Comment by darhodester

21 days ago

Hi,

I'm David Rhodes, Co-founder of CG Nomads, developer of GSOPs (Gaussian Splatting Operators) for SideFX Houdini. GSOPs was used in combination with OTOY OctaneRender to produce this music video.

If you're interested in the technology and its capabilities, learn more at https://www.cgnomads.com/ or AMA.

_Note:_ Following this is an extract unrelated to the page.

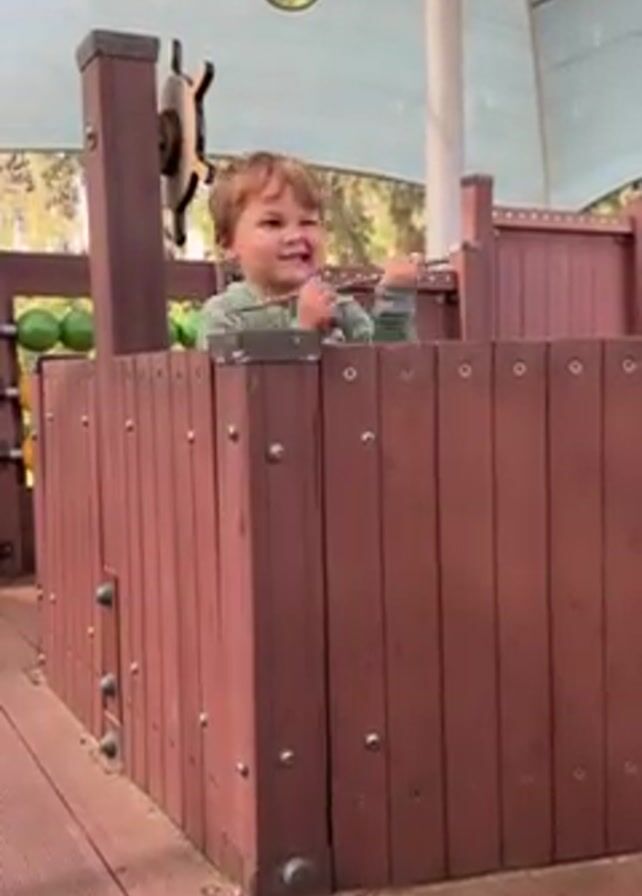 A young boy, seen from the chest up, is standing on a wooden platform enclosed by brown, bolted fencing. He is holding a small stick to his eyes as if using it as a telescope. He smiles and waves at the camera. A steering wheel is mounted on a post adjacent to the fence. Green, spherical objects are partially visible behind the fence to the left. A white, tent-like covering shields the platform from the sun. Trees are visible in the background.

Try GSOPs yourself: https://github.com/cgnomads/GSOPs (example content included).

61 comments

darhodester

henjodottech 21 days ago

I’m fascinated by the aesthetic of this technique. I remember early versions that were completely glitched out and presented 3d clouds of noise and fragments to traverse through. I’m curious if you have any thoughts about creatively ‘abusing’ this tech? Perhaps misaligning things somehow or using some wrong inputs.

darhodester 21 days ago
There's a ton of fun tricks you can perform with Gaussian splatting!
You're right that you can intentionally under-construct your scenes. These can create a dream-like effect.
It's also possible to stylize your Gaussian splats to produce NPR effects. Check out David Lisser's amazing work: https://davidlisser.co.uk/Surface-Tension.
Additionally, you can intentionally introduce view-dependent ghosting artifacts. In other words, if you take images from a certain angle that contain an object, and remove that object for other views, it can produce a lenticular/holographic effect.
- echelon 21 days ago
  
  Y'all did such a good job with this. It captivated HN and was the top post for the entire day, and will probably last for much of tomorrow.
  If you don't know already, you need to leverage this. HN is one of the biggest channels of engineers and venture capitalists on the internet. It's almost pure signal (minus some grumpy engineer grumblings - we're a grouchy lot sometimes).
  Post your contract info here. You might get business inquiries. If you've got any special software or process in what you do, there might be "venture scale" business opportunities that come your way. Certainly clients, but potentially much more.
  (I'd certainly like to get in touch!)
  --
  edit: Since I'm commenting here, I'll expand on my thoughts. I've been rate limited all day long, and I don't know if I can post another response.
  I believe volumetric is going to be huge for creative work in the coming years.
  Gaussian splats are a huge improvement over point clouds and NeRFs in terms of accessibility and rendering, but the field has so many potential ways to evolve.
  I was always in love with Intel's "volume", but it was impractical [1, 2] and got shut down. Their demos are still impressive, especially from an equipment POV, but A$AP Rocky's music video is technically superior.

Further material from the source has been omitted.